As shown in Table 2, the complete reward function achieves the best overall braking performance, yielding the shortest braking distance of 0.359 m and a maximum payload swing angle of 0.027 rad. The ablation results demonstrate that each reward component contributes to the learning objective from a different perspective.

When the state tracking reward is removed, the braking distance increases from 0.359 m to 0.397 m, corresponding to an increase of 10.28%, while the maximum payload swing angle decreases slightly from 0.027 rad to 0.026 rad. This result indicates that the state tracking reward primarily contributes to braking efficiency by guiding the controller toward the desired braking trajectory. Without this reward term, the controller is less effective in achieving rapid braking performance.

Removing the control constraint reward increases the braking distance to 0.379 m, which is 5.28% higher than that obtained with the complete reward function, while the maximum payload swing angle remains unchanged at 0.027 rad. This finding suggests that the control constraint reward contributes to braking efficiency by encouraging control actions that satisfy system constraints and actuator limitations during the braking process.

When the parameter optimization reward is excluded, the braking distance increases from 0.359 m to 0.386 m, representing an increase of 7.22%, while the maximum payload swing angle increases from 0.027 rad to 0.028 rad, corresponding to an increase of 3.70%. These results indicate that the parameter optimization reward plays an important role in the online optimization process. In particular, this reward term primarily facilitates the adaptive adjustment of the braking reference trajectory parameters, enabling the controller to generate state-dependent braking profiles that effectively balance braking distance reduction and payload swing suppression. In addition, it also contributes to the online tuning of MPC parameters, further enhancing the adaptability of the control framework under varying operating conditions.

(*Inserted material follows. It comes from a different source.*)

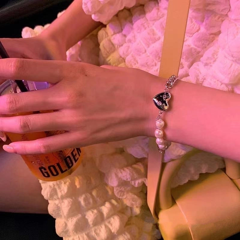 Fashion Heart Shape Flower Alloy Titanium Steel Plating Artificial Pearls Rhinestones Women'S Bracelets

The most significant deterioration in swing suppression performance is observed when the safety constraint penalty is removed. Although the braking distance increases only slightly from 0.360 m to 0.363 m, corresponding to an increase of 0.83%, the maximum payload swing angle increases from 0.027 rad to 0.031 rad, representing an increase of 14.81%. This result indicates that the safety constraint penalty plays a crucial role in incorporating safety-related objectives into the learning process and effectively limiting excessive payload oscillations during emergency braking.

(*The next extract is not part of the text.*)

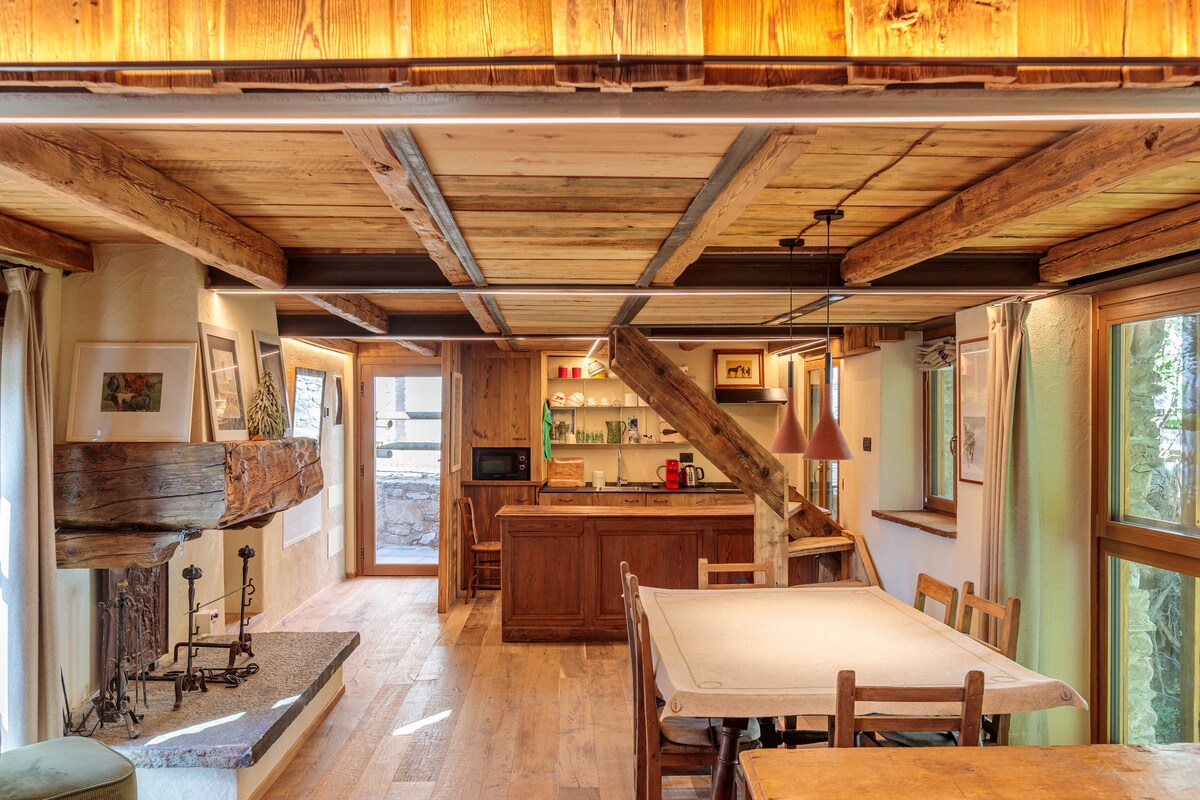 Encantador chalet antiguo de madera y piedra con vistas al Mont Blanc

Overall, the ablation study demonstrates that the four reward components are complementary and collectively contribute to the overall performance of the proposed TD3-MPC framework. The complete reward function achieves the most favorable trade-off between braking distance reduction and payload swing suppression, thereby validating the rationality and effectiveness of the proposed reward function design.

Based on the adopted reward structure, the proposed TD3-MPC framework is further evaluated under three representative operating scenarios and compared with the conventional MPC controller. The corresponding state responses presented in Figure 5, Figure 6, Figure 7, Figure 8, Figure 9 and Figure 10 are used to evaluate the effectiveness of the TD3-MPC framework and its capability to improve braking performance under different operating conditions.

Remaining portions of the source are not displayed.